I can’t begin to tell you how much I’ve needed a day with limited pre-planned meetings to come in and knock out a to-do list that seems to only grow. Today was supposed to be that day. My red pencil is literally still sitting where it was when I walked into the office, with nothing crossed off, my day totally derailed by Team Dolan’s choice to rename his baseball franchise, the Cleveland Guardians.
To be clear, I have no objection to the need for a name change, even as iconic as Chief Wahoo’s face inevitably is. I still remember the old statue of Chief Wahoo mid-swing over Gate D at Municipal Stadium as a kid. In the late ’80s (before Major League did more for a city, sport, or franchise than any other movie, ever), it wasn’t uncommon to attend an Indians game with 3,500 of your closest friends in an eerily quiet monstrosity of a stadium. According to Baseball Almanac, the average attendance from 1986 to 1992 was somewhere around 15,000. No chance. Clearly the beginning of the “paid attendance” figures.
Since tickets weren’t exactly hard to come by, we did sit five rows deep behind the visitor’s on-deck circle in the shadows of a mammoth of a human being named Frank Thomas during his rookie season; I’m guessing I was in 5th grade. And since security wasn’t exactly Pentagon standards, we also walked out of the stadium one night with Ken Griffey and Ken Griffey Jr. as if we were both looking for the same cab. My family will remember, The Kid wouldn’t even sign an autograph for my sister, and told me he only had time for a picture (text me and I’ll show you the pic)…and then we took at least another 200 steps together. Where were those “Guardians” that night?

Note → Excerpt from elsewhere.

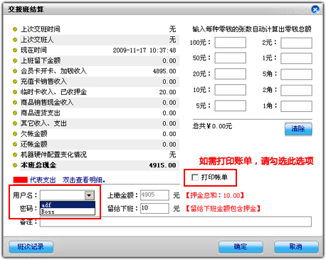 如果设置了多个班次,每个班次一个操作员管理,那么在每个操作员之间就需要交接班,以方便财务管理。与“更换操作员”不同的是,这个操作将写入换班记录和计算上一班到现在这班的现金交结账,并切换到另外一个操作员。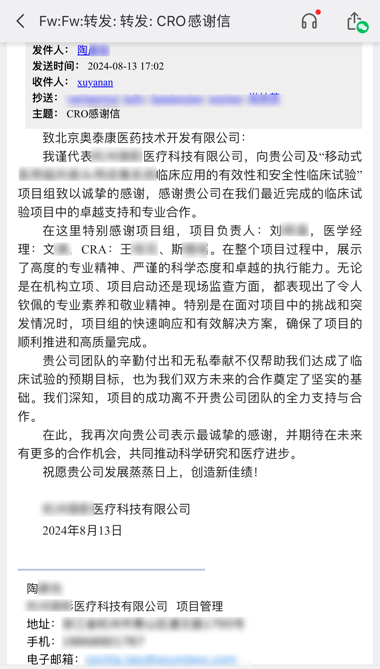 感恩有你,未來可期。在感恩節來臨之際,我們對合作伙伴的理解和支持表示感激,也對臨床項目組成員表示感恩,是大家每個人的共同努力使得項目得以順利開展,愿我們的合作之旅,如同星辰大海,浩瀚無垠,充滿無限可能與希望。讓我們帶著這份感恩的心,繼續前行,共創更加輝煌的明天!

I liked the idea of the Cleveland Naps, even the Cleveland Lajoie’s, or Fellers. The city would have hopped on the Fellers for sure. It doesn’t end in “-dians”, which clearly looks intentional, but the Cleveland Doby’s even sounds better. Cleveland Spiders would have been my pick, a nod to one of the original nicknames of the city’s professional baseball clubs, and a more formidable mascot option.

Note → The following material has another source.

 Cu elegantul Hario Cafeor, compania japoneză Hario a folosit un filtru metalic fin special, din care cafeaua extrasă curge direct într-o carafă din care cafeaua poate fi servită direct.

I immediately sent a group text to our travel baseball coaches and the best response yet was, “we sound like a Marvel comic book.” Hard to argue. I can already picture Iron Man’s mask on an oversized baseball as the mascot. Are those wings coming off your “G”? Are you flying somewhere? Certainly not to the top of division standings anytime soon with Detroit slowly creeping back into the picture.
Could not have been the Rockers, a name jinxed by a crumbled WNBA team. The Cleveland Baseball Team would have been a mockery too, i.e. The Washington Football Club. And why’d they use Tom Hanks to do the promo intro? Dennis Haysbert couldn’t get a day off from Allstate? For God’s sake, he was Cerrano! There’s a whole cast of characters from Major League that would have been much more suited, voices plenty recognizable to deliver the message.
This is still fresh… pundits are already hopping all over this one today. As if the team needed another reason for people to mock them.
Maybe we’re banking on increased merchandise sales to help with the, “we can’t afford the big-name players in a small market” argument. Then again, perhaps the Erie Warriors fan club could borrow the protest tactics of the Nordecke to properly stage a revolt! (I can’t take credit for that one either, someone else already said it.)